Sia chiaro, se c'è qualcosa che è necessario ammettere in partenza è l'assoluta negligenza del legislatore che ha messo a punto gli articoli 119 e 121 del Decreto Legge n. 34/2020 (Decreto Rilancio). Superbonus e cessione del credito sono due misure che scontano parecchie problematiche di applicazione iniziali, importanti errori di prospettiva e modifiche in corsa che ne hanno fatto esplodere l'utilizzo senza tenere in considerazione le conseguenze.

Il binomio Superbonus - cessione del credito

Senza nulla togliere alle valutazioni più o meno soggettive che importanti organizzazioni hanno pubblicato sugli effetti del Superbonus, senza volere entrare nel merito di alcune scelte e dichiarazioni politiche e senza volere evidenziare alcuni evitabili errori "tecnici", un aspetto va inevitabilmente evidenziato: il binomio superbonus-cessione ha consentito per la prima volta l'utilizzo di importanti misure fiscali e il miglioramento degli edifici a soggetti che mai avrebbero potuto permettersi questi interventi.

L'idea di base del meccanismo di cessione del credito era proprio quello di consentire ai soggetti privi della capacità economica (denaro disponibile) e della capienza fiscale (tasse annuali) di avviare interventi economicamente importanti.
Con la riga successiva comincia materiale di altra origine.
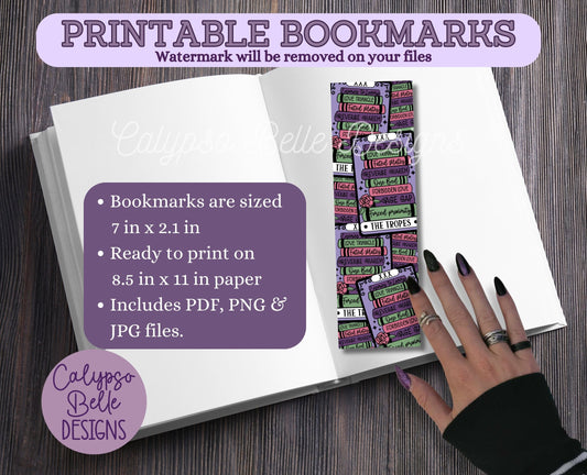 Book Tropes Stamps Printable Bookmarks, Enemies to Lovers Bundle

E così è stato almeno fino a quando non sono state prese alcune decisioni tra cui:

  • modificare in corsa (e retroattivamente per i contratti in corso) il meccanismo di cessione del credito - a partire dal D.L. n. 4/2022 (Decreto Sostegni-ter);
  • limitare l'utilizzo del superbonus 90% ai soggetti con un reddito di riferimento inferiore a 15.000 euro - disposizione prevista dal D.L. n. 176/2022 (Decreto Aiuti-quater);
  • bloccare il meccanismo di cessione del credito - prevista dal D.L. n. 11/2023 (Decreto blocca cessioni) in corso di conversione in legge.

Gli effetti del blocco della cessione

Aver eliminato il meccanismo di cessione avrà come principali effetti:

  • l'impossibilità di utilizzare il superbonus 90% sulle unifamiliari nel 2023, considerato che per chi ha un reddito di riferimento inferiore a 15.000 euro è impossibile riuscire anche ad avere la capienza economica necessaria;
  • le difficoltà dei condomini che, anche con un'aliquota del 90%, difficilmente riusciranno a mettere d'accordo tutti i partecipanti che dovranno contestualmente avere la liquidità necessaria e la capienza economica per l'utilizzo della detrazione in dichiarazione dei redditi.

Sostanzialmente, con tutte le pecche ed errori, il Superbonus, che per gli anni 2023, 2024 e 2025 potrà ancora essere utilizzato nella misura rispettivamente del 90%, 70% e 65%, si è trasformata in una misura fiscale accessibile solo ai ricchi.

Siamo in attesa di conoscere il progetto di "riordino e armonizzazione degli incentivi destinati alla riqualificazione, alla messa in sicurezza e all’efficientamento energetico degli immobili pubblici e privati" promosso in campagna elettorale da Fratelli d'Italia ma di cui ancora non si conosce alcun dettaglio.